On rare occasions sport can be genuinely moving. For me, this is usually when the human body is celebrated by an individual who at their absolute peak of condition shows off the wonderful things it can do. The triumph of heptathlete Jessica Ennis at the World Athletics Championship over the weekend was an instance. I’ll treasure the memory because she’ll perhaps never again be so perfectly able to deliver her combination of skills free from injury or anxiety. It was the kind of glowing performance only a twenty-two year old who’s never won anything major could turn in. Almost as marvellous was the obvious camaraderie between most of the competitors as they congratulated each other afterwards – I’m not sure the Ukrainians were joining in the dancing, but then there’s always a serpent in Eden.

Her triumph was followed by Usain Bolt’s mind-boggling 9.58 win over one hundred metres. I suppose one’s reaction to that should have been the same, but here it’s the desperate wish to believe which colours the result. His sudden improvement over the distance, along with that of other Jamaican sprinters, and their board’s equivocal reaction to positive doping tests, leaves a nagging anxiety. Some of us remember how we were taken in by ‘Flo Jo’ too well.

I don’t find myself moved by cricket very often, and less as I get older. There are the moments when great cricketers retire. One such was Curtley Ambrose, the great West Indian quick bowler at the Oval ground a few years ago, on a golden late afternoon – the ebbing of his career along with a particular season. Intimations of mortality – but also the celebration of a singular physical presence, fluid, purposeful, a man literally towering above those around him. Again it’s filthy lucre that spoils things. If sports men and women are paid to do a job at outrageous rates, excellence is what they’re supposed to deliver, and woe betide them if they don’t. We, who earn far less than they, are robbed of some of our power to worship and wonder.

The rather abbreviated Edgbaston symphony subsided as we all expected it to, although there was an unexpected coda as, after Anderson’s early departure from the crease, Broad and Swann laid about the bowling joyfully. They both made sixty odd, but might have made fifteen between them on another day.

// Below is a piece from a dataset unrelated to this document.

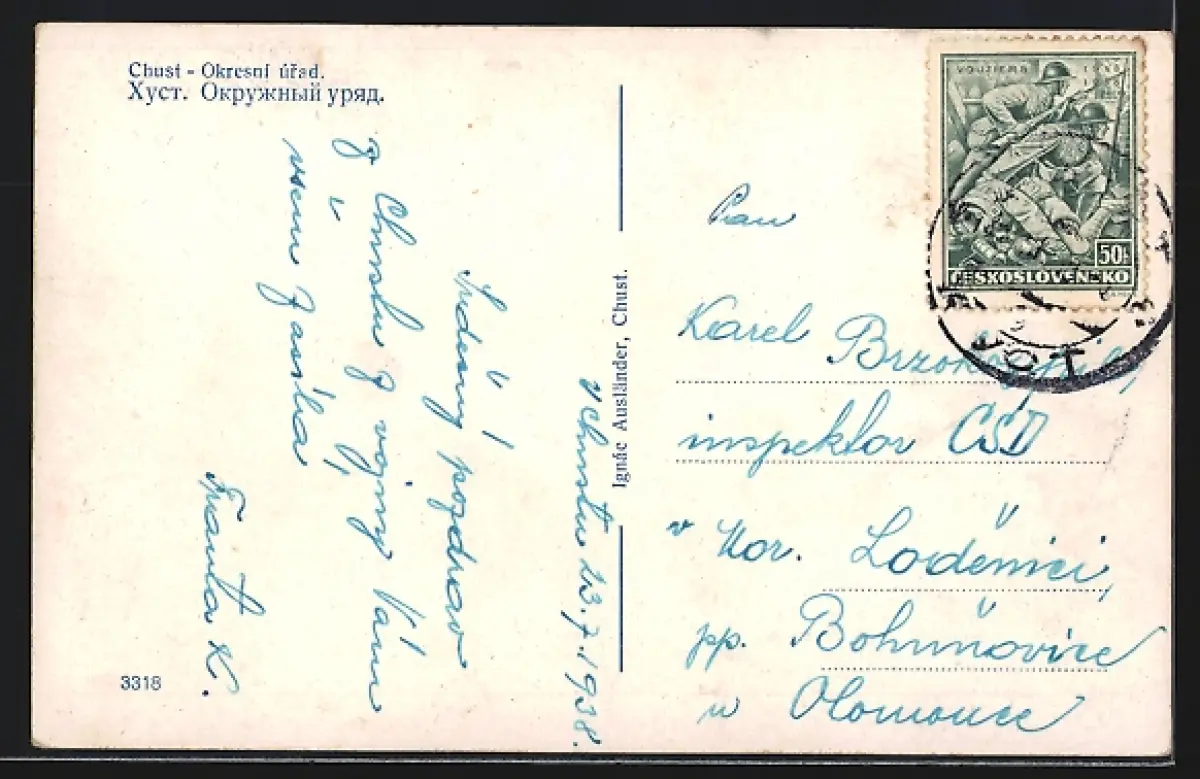 Personenbezogene Daten auf der Rückseite der Karte wurden durch blauen Textmarker unkenntlich gemacht. Die blauen Stellen sind auf die Vorderseite durchgeweicht und wirken sich negativ auf das Postkartenfoto aus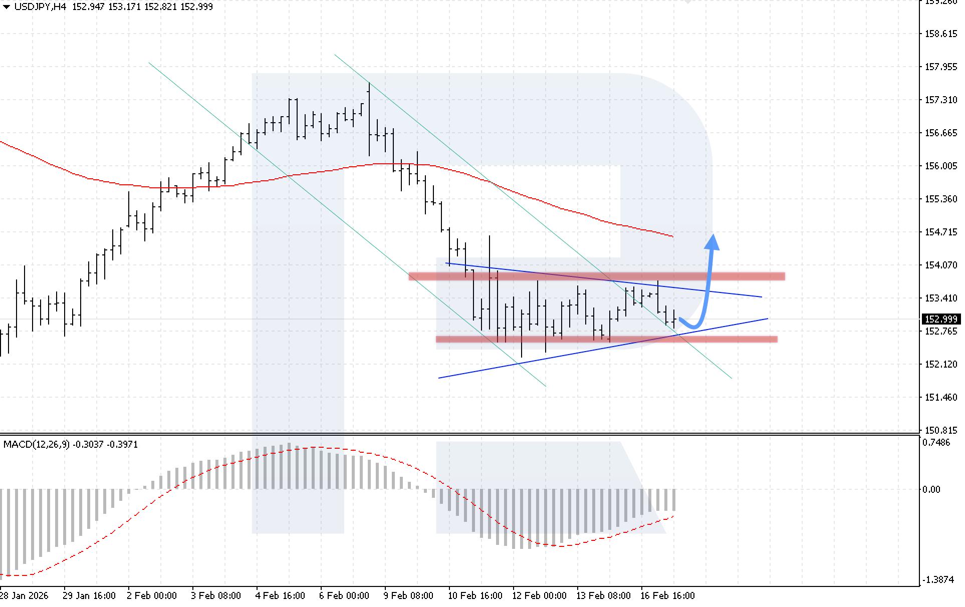 ภาพทางเทคนิคยืนยันสถานการณ์นี้ อินดิเคเตอร์ MACD แสดงการเติบโตของฮิสโตแกรม และเกิด bullish divergence เพิ่มเติม ซึ่งเสริมศักยภาพการเคลื่อนไหวขาขึ้น เงื่อนไขสำคัญสำหรับการดำเนินการขาขึ้นคือการทะลุขอบบนของรูปแบบ Triangle พร้อมการยืนราคาสูงกว่า 153.65

Once they located the ball’s direction of travel (and it took each batsman a while) they struck the thing mightily, and for a while discomfited the Australian bowlers, particularly Clark. He took it in good part, accepting the crowd’s applause for being hit all round the ground, while scratching his head under his baggy green cap. Broad was doing to him what he’d done to Broad a day earlier, but with interest accruing.

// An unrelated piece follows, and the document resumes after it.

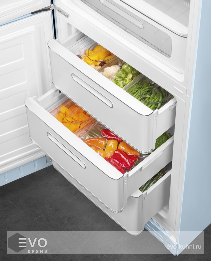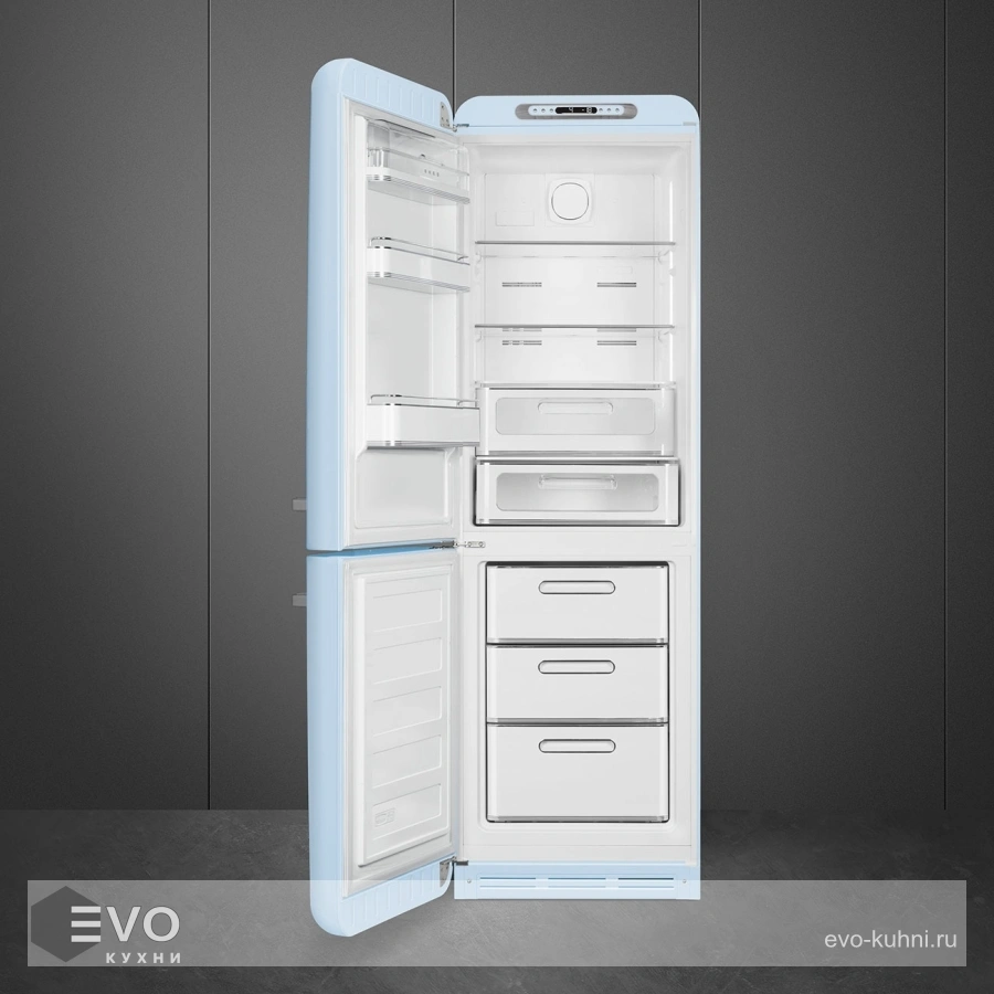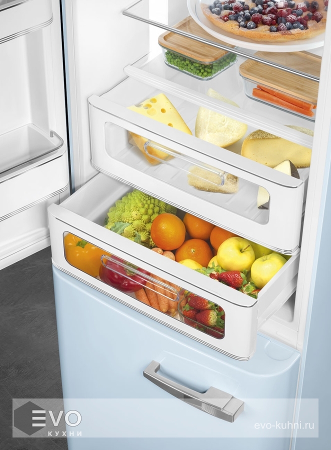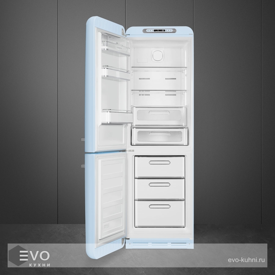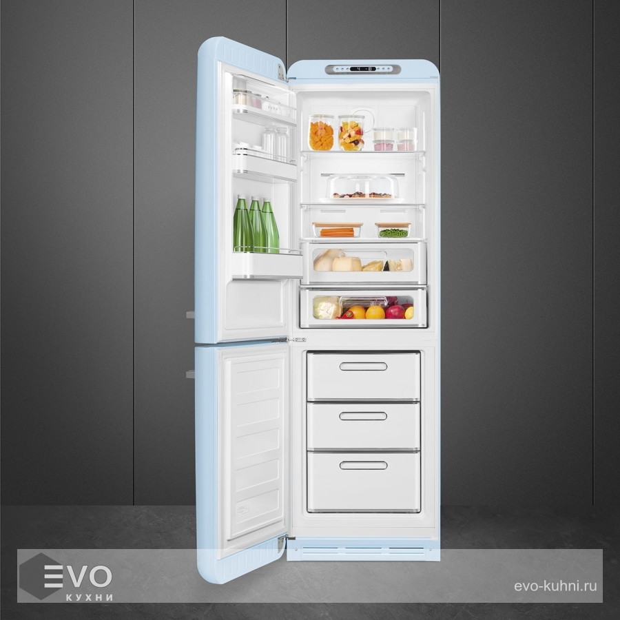 Холодильник Smeg FAB32LPB5 – отдельностоящий, двухдверный холодильник, стиль 50-х годов, характеризуется экономным потреблением электроэнергии, при достаточном объеме, который удовлетворит потребности хранения. Округлые формы и хромированные детали идеально сочетают внутренние и внешние двери холодильника. Профили ящиков на дверях и стеклянных полок имеют яркие хромированные элементы с ретро-дизайном.

Commentators coo about Broad’s potential as a batter, and reminisce about his likeness to his father. I remember Broad senior as an awkward customer, who enjoyed one notably successful season on tour in Austalia, but realistically achieved little else internationally. He had an improbable stance at the crease, born of the fact that like his son he was a tall man – in common with Basharat Hassan the one time Nottinghamshire player his bottom stuck out an amusingly long way as he waited for the bowler. Come and hit me, it said, and I expect they did a few times too. We’re told that Broad Junior was an opening batsman at school and was a relatively late convert to fast bowling. He stands tall, can punch the ball through the off-side, and tucks the ball nicely off his legs, but as yet if he drives from the front foot, he looks uncertain, and the ball often becomes airborne. The repertoire of shot isn’t great at present. Jury out.

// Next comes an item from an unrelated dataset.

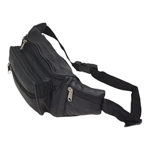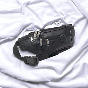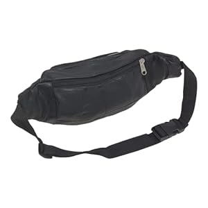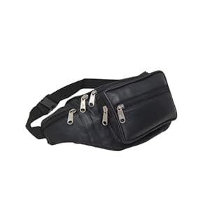 RAS Unisex Black Leather Large Travel Money Pouch Waist Bum Bag Adjustable Belt Strap 1006 (Black)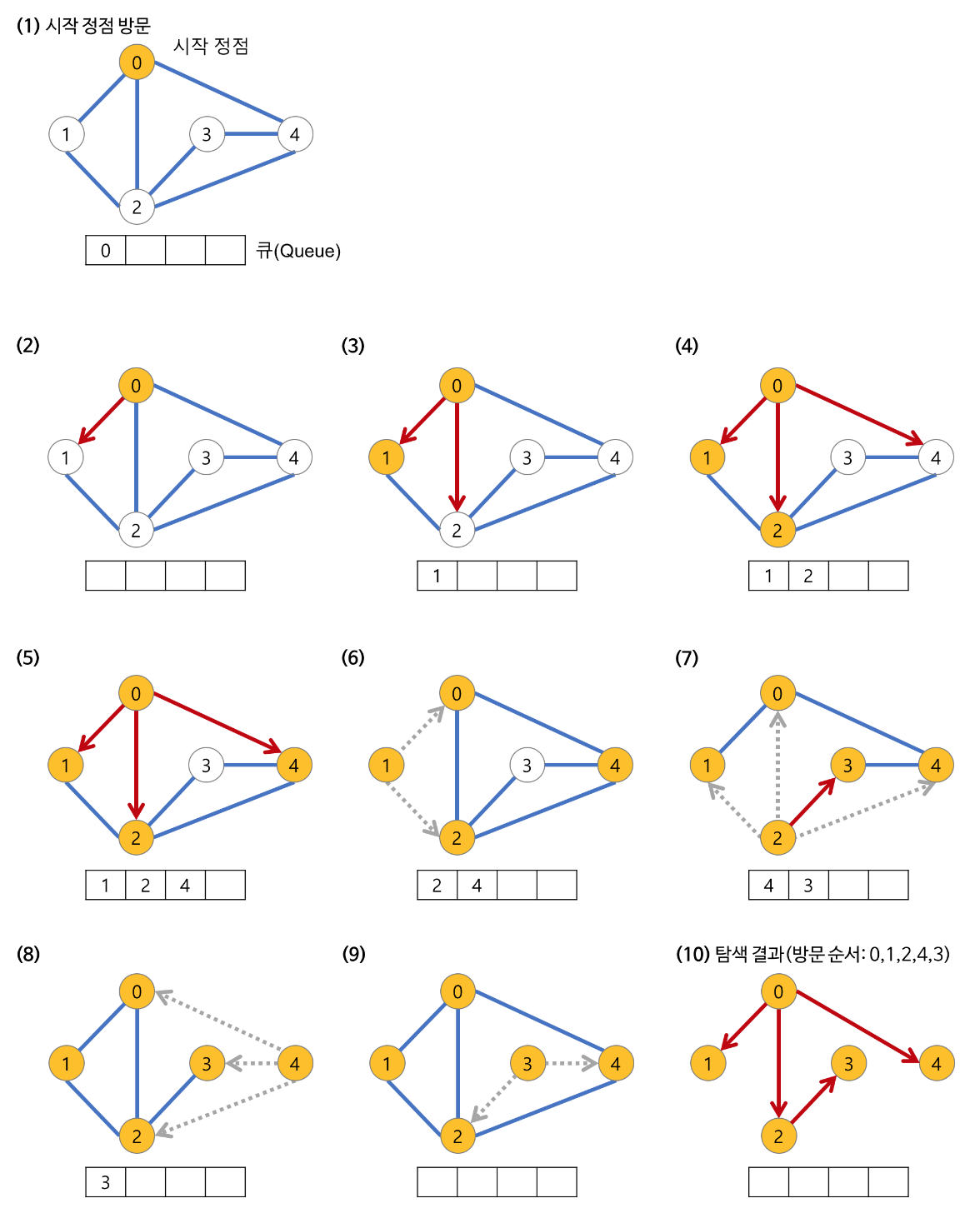 5. 큐가 비거나 모든 노드를 방문할 때까지 반복

Swann is an annoying batsman. He has oodles of talent, and apparently little application. His attitude at the crease rarely suggests permanence. There’s a touch of the Pietersen defence mechanism: this is the way I play – accept me as I am, which is encouraged by modern forms of the game. If he could show some discrimination and learn when to play tight, and when to play expansively, he too could score Test match hundreds. But let’s not cavil: these two entertained the crowd until lunchtime, and recovered some self-belief for a badly battered side. Whether they did enough to dispel the demons in advance of the final act of this Ashes drama remains to be seen.

I find it hard to imagine ever being dewy-eyed about any of the cricketers on display at Edgbaston. What are they doing to engender love in the hearts of those who watch? It’s both what you do, and the way that you do it.